Utilizing a qualitative approach, 6 focus group discussions with 48 purposively selected pregnant women, and 10 in-depth interviews with care providers in two hospitals were
conducted. Interviews were transcribed verbatim. Using both deductive and inductive approaches, priori themes that informed the design of the interview guides, and emerging
codes from transcripts were used in data analysis.

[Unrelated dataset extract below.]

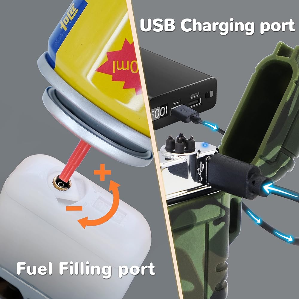 WHAT YOU CAN GET - Package included: 1 usb ARC lighter + 1 butane torch lighter, 1 usb cable and 2 Lanyards. The usb chargeable lighter is a perfect outdoor adventure tool. The refillable butane torch lighter is a better choice when you need to burn thicker branches or wood. Come with a lanyard for better carrying during camping, hiking, traveling

In both hospitals, pregnant women reported awareness of anaemia and identified poor quality diets and failure to take IFA as the predominant causes. Regular IFA supplementation, and consumption of fruits, vegetables, and animal-source foods were indicated as the main anaemia remedies by the pregnant women. Turkey berry, beetroot,
and hibiscus flower were also reported as therapeutic remedies for anaemia. IFA use was linked with improved appetite, haemoglobin, and health status of mothers and their fetus. Both providers and pregnant women indicated that IFA is freely accessible through government facilities but may also be purchased. IFA supplements are recommended to be taken three times daily; however, non-adherence to the recommended frequency was reported. This was attributed to adverse reactions including nausea and vomiting,
unanticipated cost of increased appetite, forgetfulness to take IFA, misperceptions about adverse effects of IFA, transportation cost to access IFA, and long waiting time at
hospitals. Community-level focused antenatal care, follow-up visits, and phone calls were reported by providers as strategies to improve IFA uptake. Community sensitization,
enhanced access to IFA, and participatory approach to ANC services were suggested by pregnant women as strategies for improving IFA uptake.

Food insecurity and misperceptions about IFA should be addressed as part of efforts to address low IFA adherence and high maternal and child anaemia rates in Ghana.